士師記の残りの三章は、その時代の道徳的衰微の記録で、恐ろしい犯罪とこれによって引き起こされた内戦が記してある。この部分は省略する。宗教的脱線混乱、道徳的衰微と内戦の三つの記録の次に、ルツ記 があって、この書は、そんなに恐ろしい堕落の時代にも一部にはまた、こんなに純粋な敬虔な人々もいたことを物語っている。ことにルツの証は美しい。やがてこの敬虔な家族から、ダビデ王が出るのである。

ルツ記 1章15〜22

オルパ・ルツは二人とも、しゅうとめナオミと共にゆくことを、泣いて頼んだが、ナオミの情理ともなう説得によって、オルパはあきらめて国に止まった。しかしルツは強情強固にナオミとはなれず、共にベツレヘムに行ったのである。 ルツはどんなに、言われても、孤独のナオミを一人去らせることは忍びなかった。またルツは、この家族によって本当の信仰を学んだのであったから、それを棄てて異邦に止まることは、それこそ絶対にできなかったのである。

ルツ記 2章1〜13

ボアズはベツレヘムの有力者、富農であって、刈入れのとき「落穂まで細かく集めないで、それは田畑を持たない貧民に自由に拾わせなさい」という、いわゆる「愛の律法」に従い、貧民に対してやさしかったが、ルツには特に親切にした。
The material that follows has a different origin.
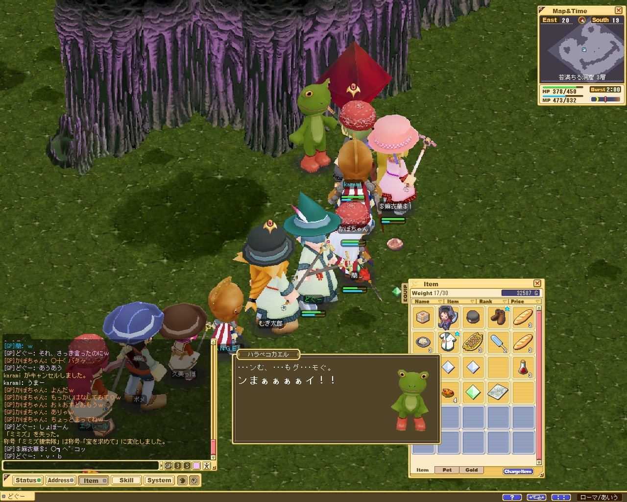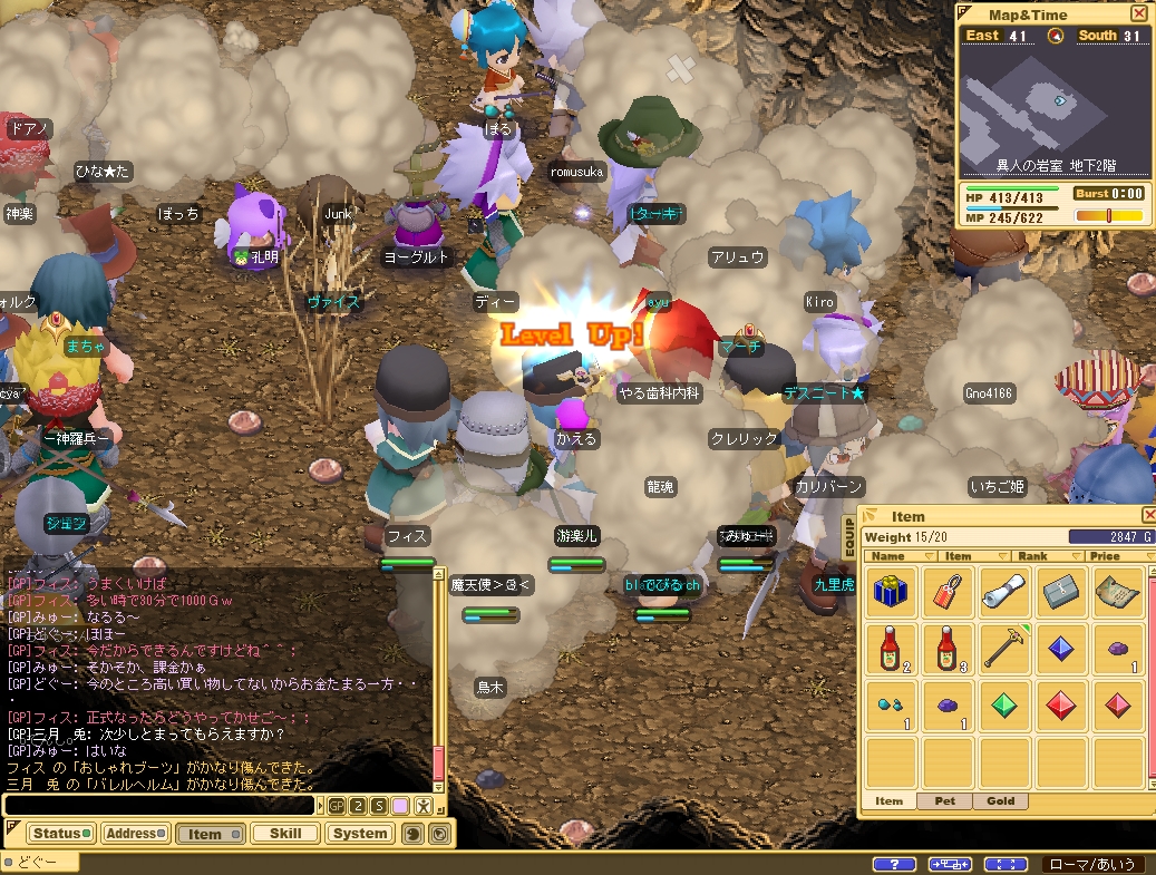 知らない人たちとパーティーを組んで、枯れ森や異人の岩室やゴブ穴にいきました

それはかねて、ルツの信仰と、母親に対する献身のうわさを聞き、知っていたからである。悪い評判は案外早くひろがるものだが、良い評判もやはりひろがり、同じく善良な人の興味好意を引きつけるのは、ありがたい。

ルツ記 2章14〜23

ボアズのルツに対する親切は、大麦刈りから小麦刈りまで、一ヶ月以上つづき、ルツはその間、もっぱらボアズの畑で落穂を拾った。ナオミは夫の死後貧しくなったときに、自分の畑を人手にわたしてしまったらしい。さてそういう場合に、近い親戚で力のある者に、土地を買い戻してやる義務があるのだが、実際問題としてなかなか実行はむずかしかった。ボアズは親戚なので感心なルツを見るにつけその義務をも感じたが、同時にまた彼女に次第に愛情を抱くに至った。

ルツ記 3章1〜14

毎日のルツの報告から、ボアズのルツに対する好意を感じとったナオミが、ルツに教えて取らせた行為は、今日の道徳標準から見てかんばしいとは言えない。しかるにこの場合のボアズの態度は立派だった。感情が主で思慮の浅い女性につけこむことはしなかった。彼も、ルツとの結婚を決意したらしいが、今はやさしく注意深くルツを去らせた。そして、結婚の手続きをとることを約束した。世の中には、女性をだましてもて遊ぶ男も多いのに。

ルツ記 4章1〜17

ナオミ、ルツにはボアズよりももっと近い親戚がいたので、その人の方が親戚の義務も優先する。ボアズはまずその人と交渉した。彼は土地は買戻してやってもいいが、ルツの責任をとることは困ると言って、ボアズに一切をまかせることになった。ボアズはこの間祈りつつ、結果を神のみ心にゆだねていたが、今はいよいよルツと結婚するように道が開かれて来たのである。その孫に有名なダビデ王が生まれることになるのも、決して偶然ではない。